Oracle Corp. has upped its offer for PeopleSoft Inc. to $19.50 per share, stoking the ire of PeopleSoft and J.D.
Edwards & Co.
The Redwood Shores, Calif.-based database giant announced this morning that it is now prepared to pay about $6.3 billion for the enterprise application maker, up from its original offer of about $5.1 billion. The company's per-share offer represents a 29% premium over what PeopleSoft shares were trading for before the takeover bid. PeopleSoft shares were trading for $18.34 a share at 9:45 a.m. EDT this morning.
Additionally, Oracle is preparing to sue both PeopleSoft and J.D. Edwards to prevent the two companies' plan to eliminate the need for shareholder approval of their proposed merger.
Oracle's sweetening of the deal may come as a surprise to those who contend the takeover bid was merely a way to derail the proposed merger of PeopleSoft and J.D. Edwards, which was announced June 2.
Four days later, Oracle announced its intentions to buy PeopleSoft by offering investors $16 a share.
Oracle officials said during a teleconference today that they increased the offer after meeting with PeopleSoft shareholders during the last three business days. They are confident the new offer will be enough to get shareholders to bite.
"[Oracle's] initial bid was sort of testing the waters," said Chris Selland of Cambridge, Mass.-based Reservoir Partners. "Now they are showing the market they are serious."

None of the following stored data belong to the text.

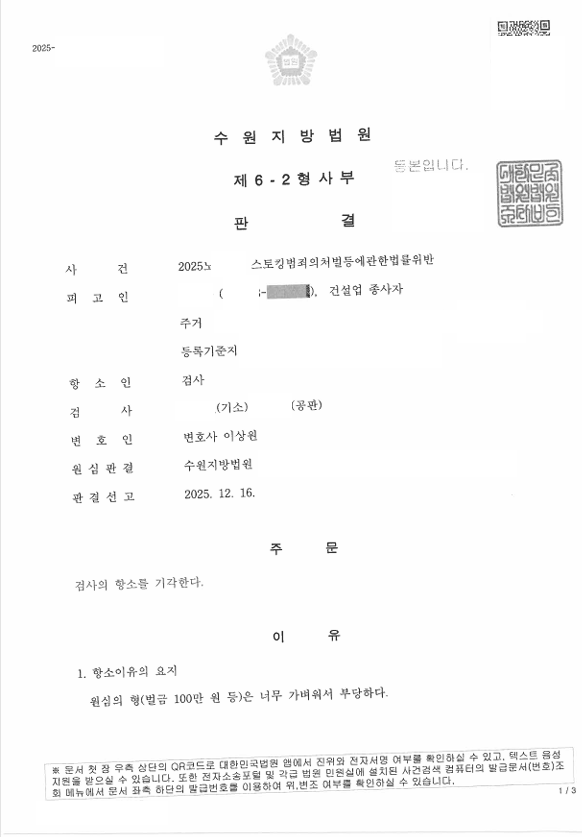 [스토킹/검사항소기각] 스토킹 사건임에도 불구하고 1심에서 벌금형을 선고받았고, 검사가 이에 항소하였으나 검사의 항소를 기각시킨 사안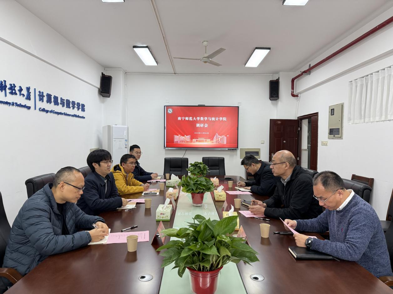 会上,李建林书记对我院一行表示欢迎,肯定两校过往合作成效,介绍了该校及学院基本情况,结合校史阐述了与广西的渊源、生源及校友联系,并表达了深化数学学科建设交流的意愿。陈红斌副院长分享了师资建设、学科竞赛、青年教师培养等教学工作经验;王传立副院长详解教学与科研融合路径,提出以赛促研、科研反哺教学的实践思路。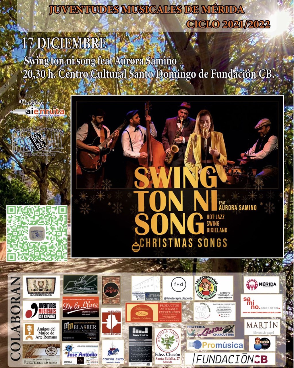 Este próximo viernes 17 de diciembre, a las 20:30 horas, en el Auditorio del Centro Cultural Santo Domingo de la Fundación CB de Mérida, tendrá lugar un concierto de Jazz a cargo del grupo SWING TON NI SONG & AURORA SAMINO organizado por la Sociedad Filarmónica «Esteban Sánchez»- Juventudes Musicales de Mérida e interpretarán un sugerente repertorio de música navideña. La entrada será gratuita hasta completar aforo.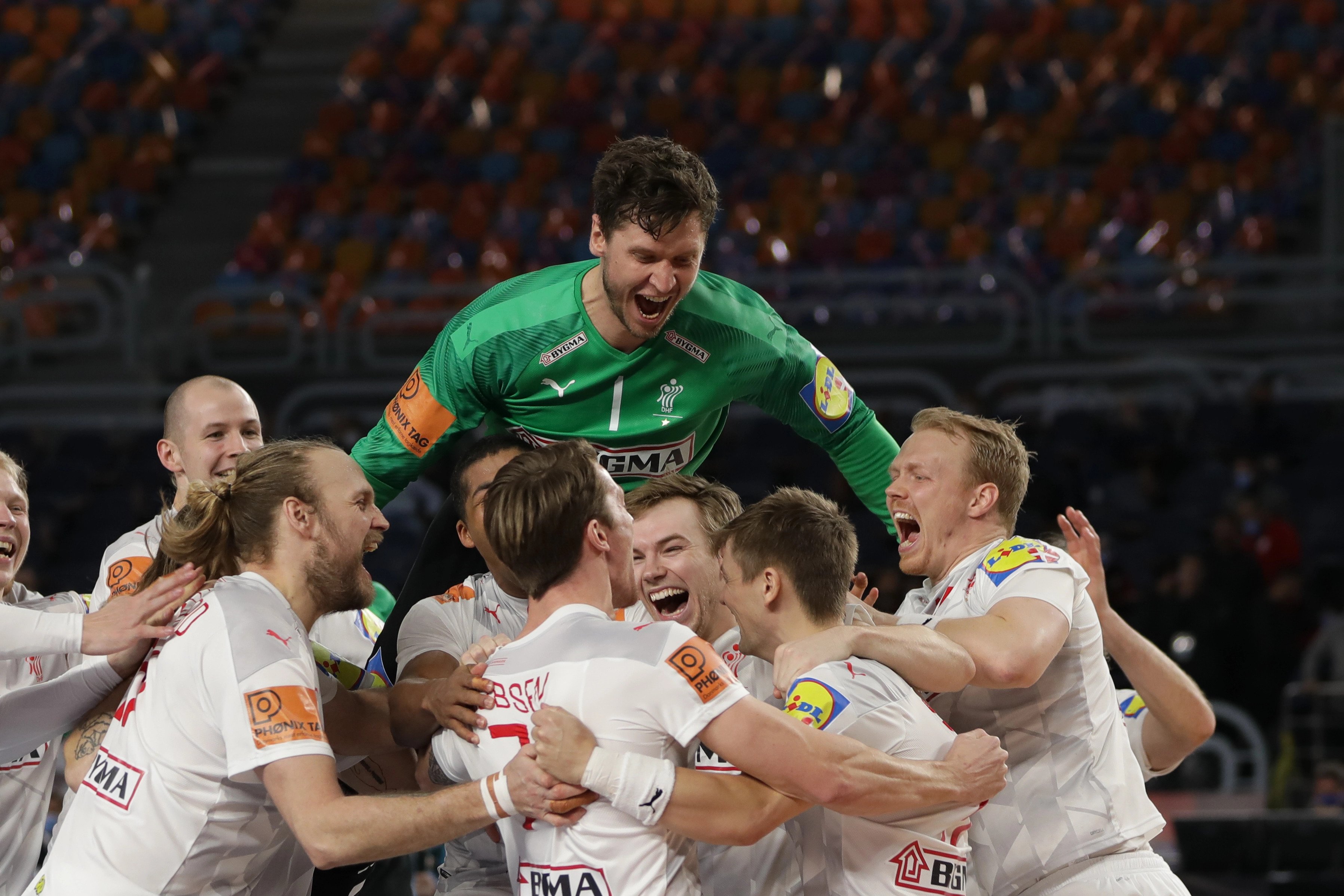Denmark: Niklas Landin Jacobsen (11/35 31%), Kevin Moller (4/13 31%), Magnus Landin Jacobsen 5, Emil M. Jakobsen 1, Anders Zachariassen 1, Magnus Saugstrup Jensen 6, Lasse J. Svan 6, Henrik Mollgaard Jensen 2, Mads Mensah Larsen 1, Mikkel Hansen 10, Morten Toft Olsen, Lasse B. Andersson, Nikolaj Oris Nielsen, Jacob T. Holm 1, Mathias Gidsel 6, Simon Hald Jensen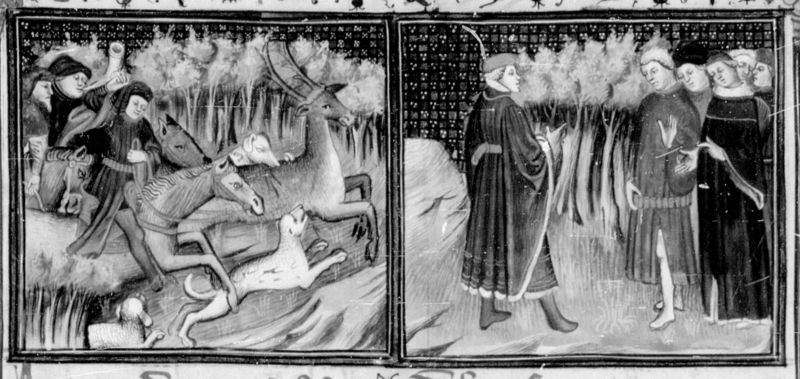 Parigi, Bibliothèque Nationale de France, Fr. 12459, f. 135r. Il copista del manoscritto, datato 21 aprile 1414, è Jehan de Lengres. Gualtieri di Saluzzo va a caccia di un cervo con i suoi cortigiani; una delegazione di sudditi esorta il marchese a prender moglie.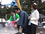 全国温泉 決死の生き残り大作戦 五頭の千人鍋大作戦!◆五頭の千人鍋大作戦 ◆原田大二郎氏 (はらだ・たいじろう)1944年 山口県生まれ 血液型 O型明治大学・法学部卒業 文学座付属演劇研究所卒業テレビ・映画・舞台での活躍は勿論、絵画展の開催の他、講演・文筆活動も盛んで、母校・明治大学の特別招聘教授として教鞭をとる等、その多彩な活動が話題を呼んでいる。今回は、2ヶ月間の舞台「悪女について」のわずかな休日を使って幾度も五頭を訪れ、協力していただきました。五頭の千人大鍋昔ながらの鉄鍋をかまどに入れました。遠くから見ても3本の杉の櫓が目をひく、たっぷり1,000人前の大鍋が完成。■ DATA ■鍋の直径 140cmかまどの高さ 1m櫓の高さ 5m総重量 ?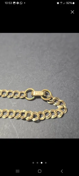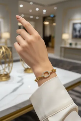 Elegante pulsera con un diseño de eslabones dorados y un detalle central adornado con circonitas brillantes. - Eslabones grandes y llamativos. - Centro ovalado con incrustaciones de circonitas. - Acabado dorado. - Fabricado en acero quirúrgico - Resistente al agua y al deslustre - Hipoalergénico - Totalmente nuevo sin usar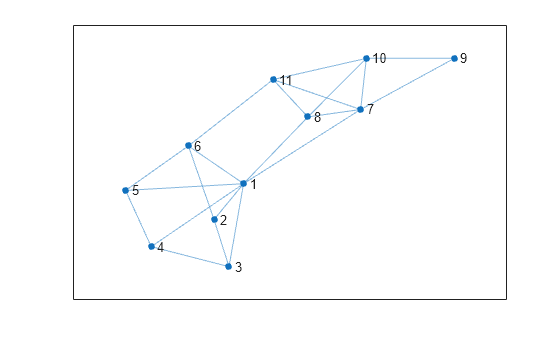 s = [1 1 1 1 1 1 2 3 4 5 6 7 7 7 7 8 9 10 11 8 6]; t = [2 3 4 5 6 7 3 4 5 6 2 8 9 10 11 10 10 11 8 1 11]; G = graph(s,t); h = plot(G)

The new bid might be enough to get the deal done, unless other potential bidders step up, Selland said. But Selland said that's unlikely to happen. Despite PeopleSoft's assurances that Oracle's hostile takeover bid will not succeed, Selland recommends that users hold off on purchasing PeopleSoft products until the outcome becomes more clear.
But the battle is going to be less about markets and more about courts, because a flurry of lawsuits have been filed. PeopleSoft is suing Oracle, alleging that the takeover bid disrupts the company's business by "creating uncertainty and doubt in the minds of PeopleSoft's customers and prospective customers."
J.D. Edwards has filed both federal and state lawsuits against Oracle. The company is seeking $1.7 billion in compensatory damages (the value of the PeopleSoft merger) and punitive damages. J.D. Edwards is also accusing Oracle CEO Larry Ellison and Oracle executive vice president Chuck Phillips of engaging in wrongful conduct and unfair business practices.
Both companies have asked the courts to issue an injunction to prevent the Oracle offer from going through. They have also thrown another roadblock in Oracle's way. PeopleSoft and J.D. Edwards announced this week that they were restructuring the merger agreement to a stock and cash combination, which would no longer require shareholder approval. Shareholders could opt for cash, stock or a mixed of the two.
Oracle this morning called this move a "poison pill."
"PeopleSoft's board of directors need to face up to their responsibility and get rid of the poison pill," said Jeff Henley, executive vice president and chief financial officer, during a teleconference Wednesday morning.
Some have accused Oracle of bullying PeopleSoft customers with such an aggressive takeover bid.
"Everyone recognizes it is a dynamic market. We think it is a good deal for PeopleSoft customers," said Robb Eklund, vice president of CRM product marketing at Oracle and a former PeopleSoft executive. "If you look at all the constituencies affected, it's a winning path for all of them."
Oracle emphasized this morning that the company will continue to support PeopleSoft products but would no longer sell them to new customers. Existing PeopleSoft customers would be able to buy additional seats on a limited basis. "We have no plans to eliminate PeopleSoft products. Period. We will not force customers to migrate to Oracle. Period," Phillips said this morning during a press conference.